• Work instruction:
Return the full set of entries below exactly, leaving every image out.

• Records for the exercise:

◇ ◇ ◇ ◇

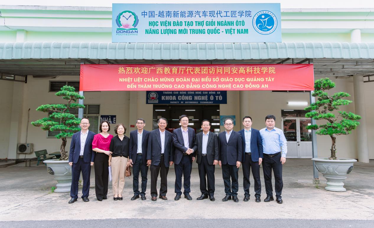 图3 广西教育厅厅长刘友谊(左六)到越南指导新能源汽车现代工匠学院建设,并对学校现代工匠学院建设表示了高度肯定
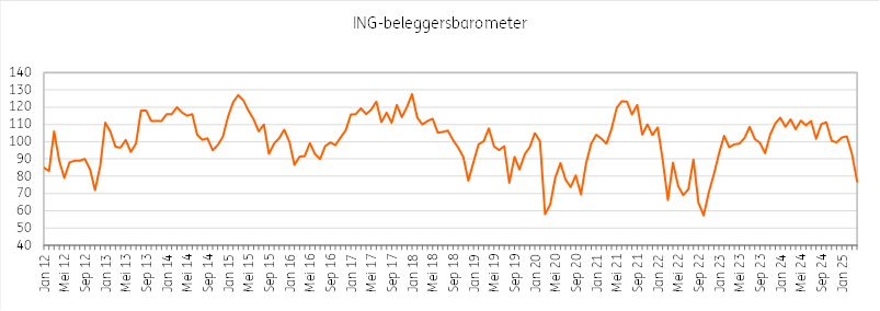 De ING-beleggersbarometer meet elke maand het vertrouwen van Belgische particuliere beleggers. Deze drukt het ‘beleggerssentiment’ uit. Dit onderzoek wordt uitgevoerd door Kantar. De enquête wordt online afgenomen.
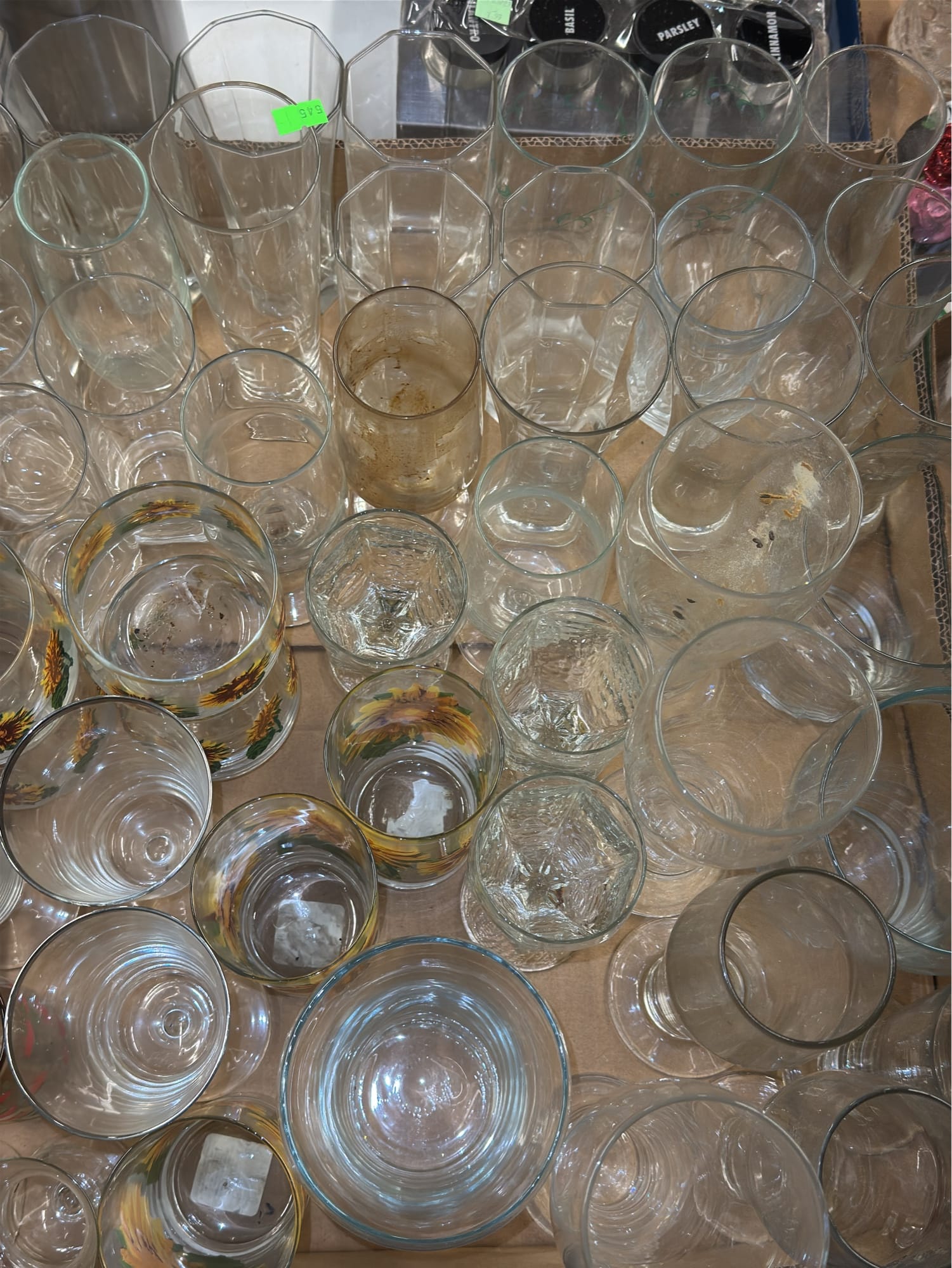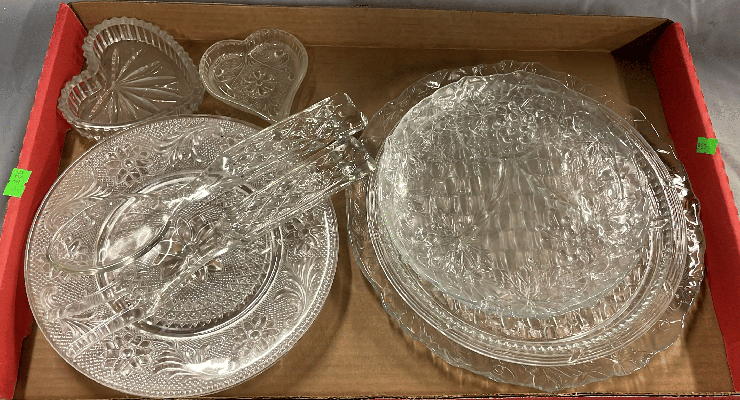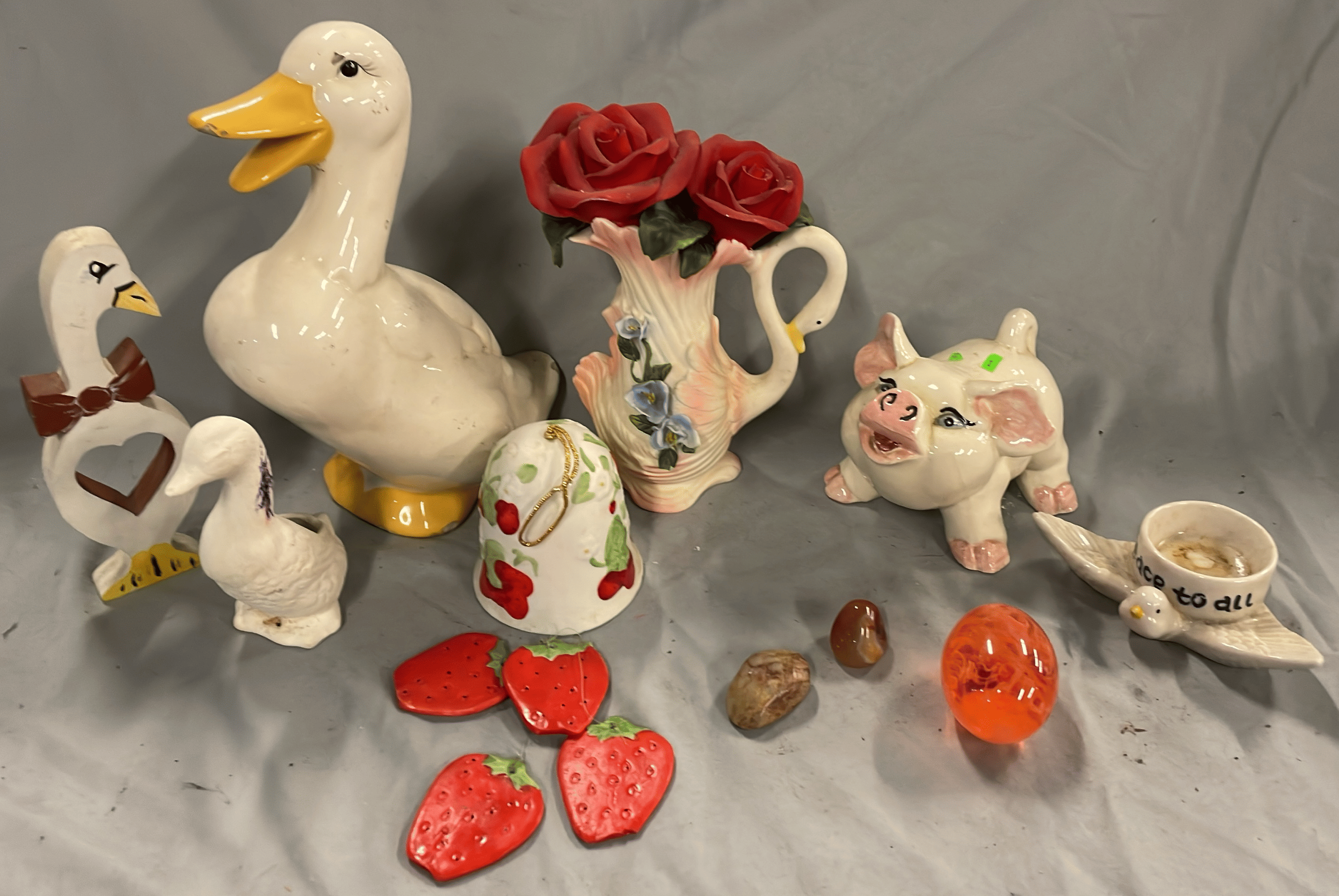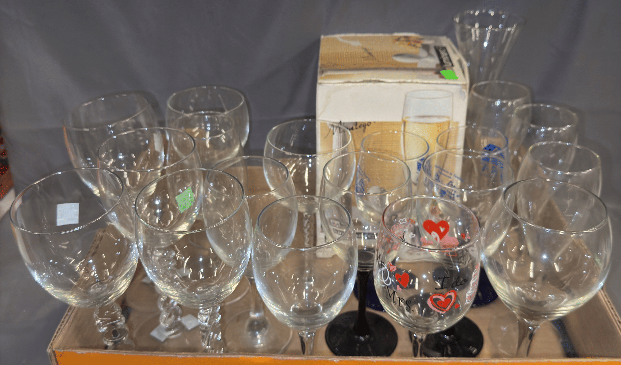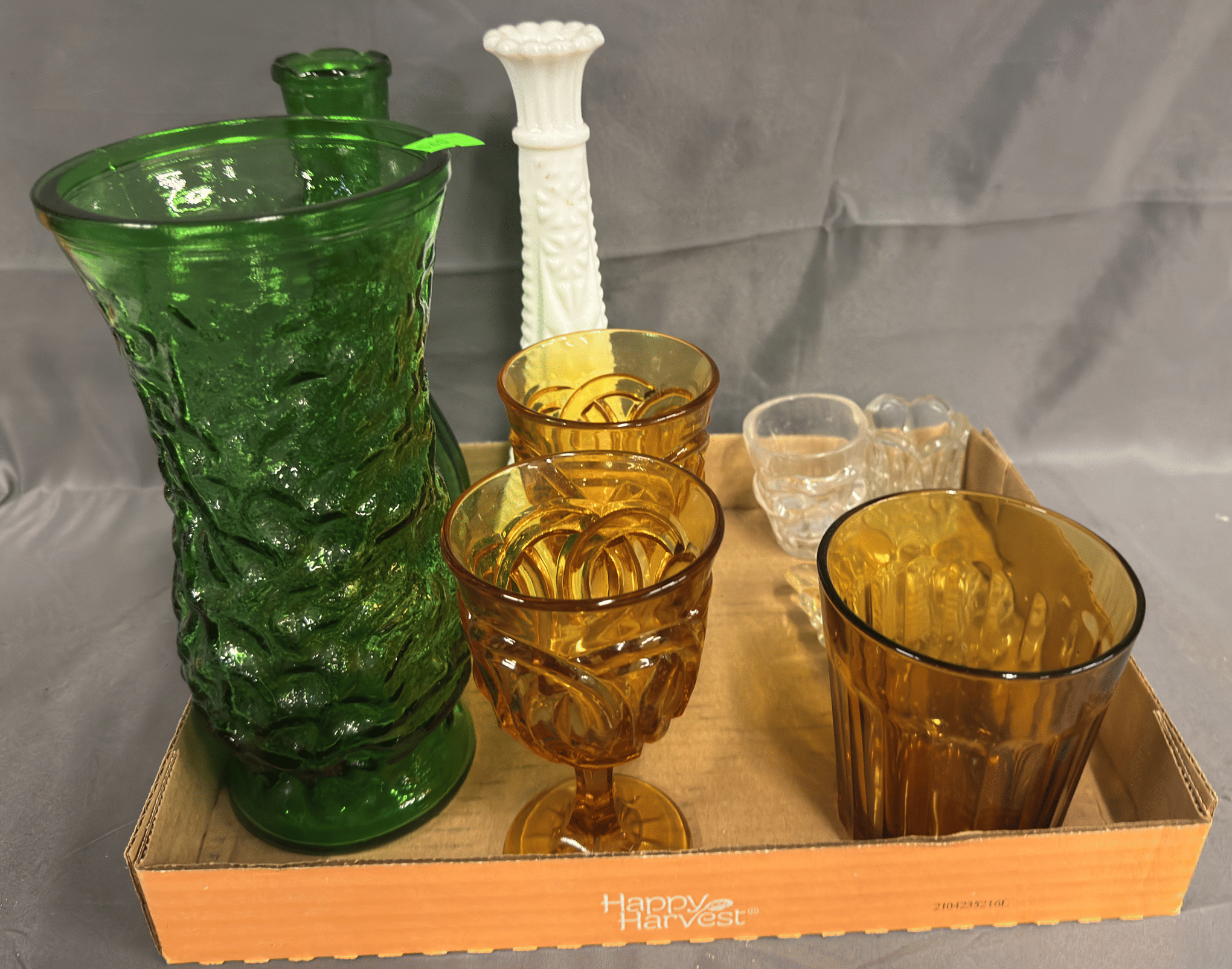 1158 Plastic organizers, hoops, bowl, glass light globe
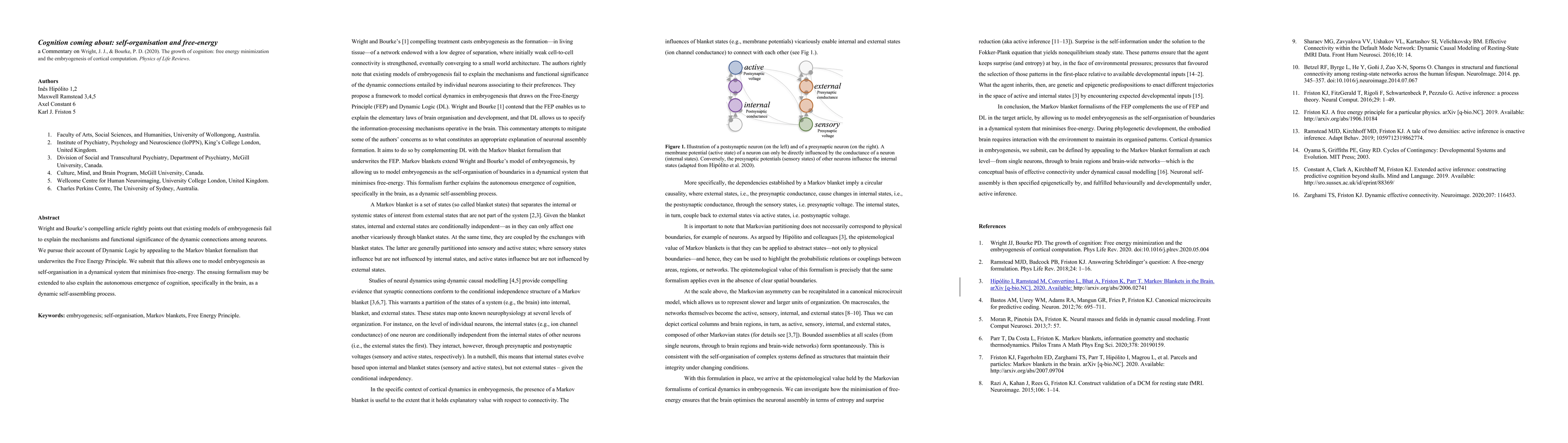 Wright and Bourkes compelling article rightly points out that existing models of embryogenesis fail to explain the mechanisms and functional significance of the dynamic connections among neurons. We pursue their account of Dynamic Logic by appealing to the Markov blanket formalism that underwrites the Free Energy Principle. We submit that this allows one to model embryogenesis as self-organisation in a dynamical system that minimises free-energy. The ensuing formalism may be extended to also explain the autonomous emergence of cognition, specifically in the brain, as a dynamic self-assembling process.
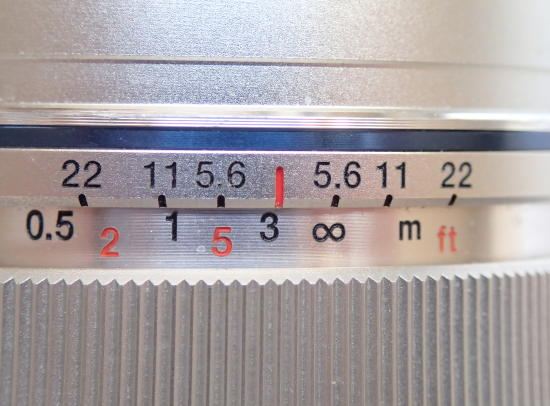 Dejme tomu, že je zacloněno na F 5.6. Svislá červená čárka je ryska pro manuální ostření (u tohoto objektivu je to duchaplně zařízeno tak, že přesunem prstence dolů odkryjeme tuto stupnici a přepneme na ruční ostření). Označení 5.6 vpravo lícuje s nekonečnem, vlevo někde mezi 1.5 a 2 m, těžko se to odhaduje. Ryska je někde za třemi metry a to je hyperfokální vzdálenost. Ta se pochopitelně mění s každou konkrétní hodnotou clony, proto je těžké u přístrojů s malými velkými čipy nějaký takový knoflíček implementovat. Nicméně některé kompakty něco podobného mají, jmenuje se to vždycky nějak jako rychlé ostření a ve skutečnosti je to manuál na hyperfokální vzdálenosti. Pokud jde o software schopný skládat snímky ostřené na různé vzdálenosti, ty samozřejmě existují a umí to i Photoshop. Není to ale zcela triviální záležitost. Prakticky jde o vymaskování neostrých partií a složení a prolnutí ostrých partií. Problém ale je v tom, že přeostření vede i ke změně velikosti zobrazených objektů a pak jsou ty potíže s pasováním. Teoreticky je to jednoduché, praxe je složitější. Kdyby to tak nebylo, byly by tyhle softwary všude…. byly by implementované do fotoaparátů, jako je v nich dnes HDR.
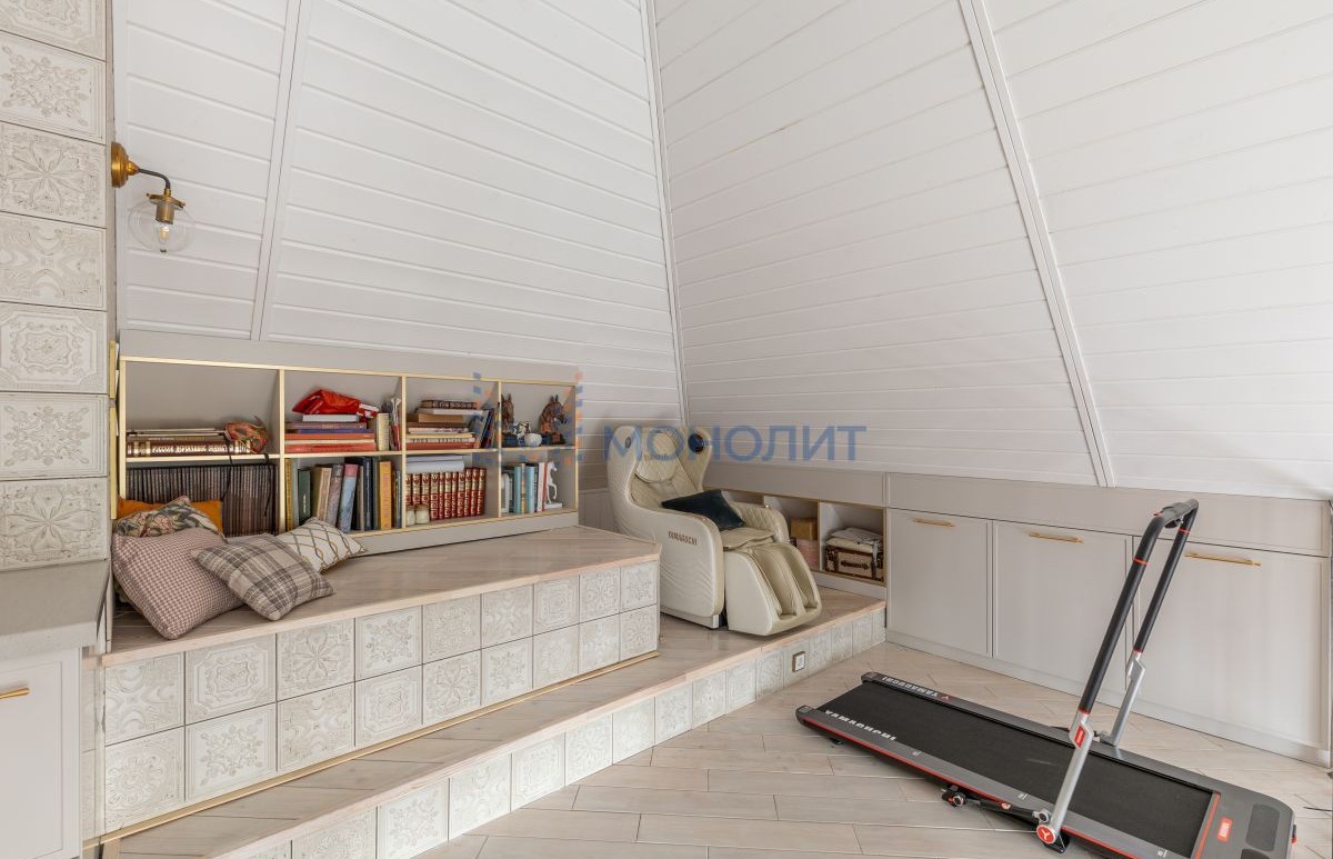 На втором этаже расположен кабинет, установлено массажное кресло.

◇ ◇ ◇ ◇

• Answer box:
 图3 广西教育厅厅长刘友谊(左六)到越南指导新能源汽车现代工匠学院建设,并对学校现代工匠学院建设表示了高度肯定
 De ING-beleggersbarometer meet elke maand het vertrouwen van Belgische particuliere beleggers. Deze drukt het ‘beleggerssentiment’ uit. Dit onderzoek wordt uitgevoerd door Kantar. De enquête wordt online afgenomen.
 1158 Plastic organizers, hoops, bowl, glass light globe
 Wright and Bourkes compelling article rightly points out that existing models of embryogenesis fail to explain the mechanisms and functional significance of the dynamic connections among neurons. We pursue their account of Dynamic Logic by appealing to the Markov blanket formalism that underwrites the Free Energy Principle. We submit that this allows one to model embryogenesis as self-organisation in a dynamical system that minimises free-energy. The ensuing formalism may be extended to also explain the autonomous emergence of cognition, specifically in the brain, as a dynamic self-assembling process.
 Dejme tomu, že je zacloněno na F 5.6. Svislá červená čárka je ryska pro manuální ostření (u tohoto objektivu je to duchaplně zařízeno tak, že přesunem prstence dolů odkryjeme tuto stupnici a přepneme na ruční ostření). Označení 5.6 vpravo lícuje s nekonečnem, vlevo někde mezi 1.5 a 2 m, těžko se to odhaduje. Ryska je někde za třemi metry a to je hyperfokální vzdálenost. Ta se pochopitelně mění s každou konkrétní hodnotou clony, proto je těžké u přístrojů s malými velkými čipy nějaký takový knoflíček implementovat. Nicméně některé kompakty něco podobného mají, jmenuje se to vždycky nějak jako rychlé ostření a ve skutečnosti je to manuál na hyperfokální vzdálenosti. Pokud jde o software schopný skládat snímky ostřené na různé vzdálenosti, ty samozřejmě existují a umí to i Photoshop. Není to ale zcela triviální záležitost. Prakticky jde o vymaskování neostrých partií a složení a prolnutí ostrých partií. Problém ale je v tom, že přeostření vede i ke změně velikosti zobrazených objektů a pak jsou ty potíže s pasováním. Teoreticky je to jednoduché, praxe je složitější. Kdyby to tak nebylo, byly by tyhle softwary všude…. byly by implementované do fotoaparátů, jako je v nich dnes HDR.
 На втором этаже расположен кабинет, установлено массажное кресло.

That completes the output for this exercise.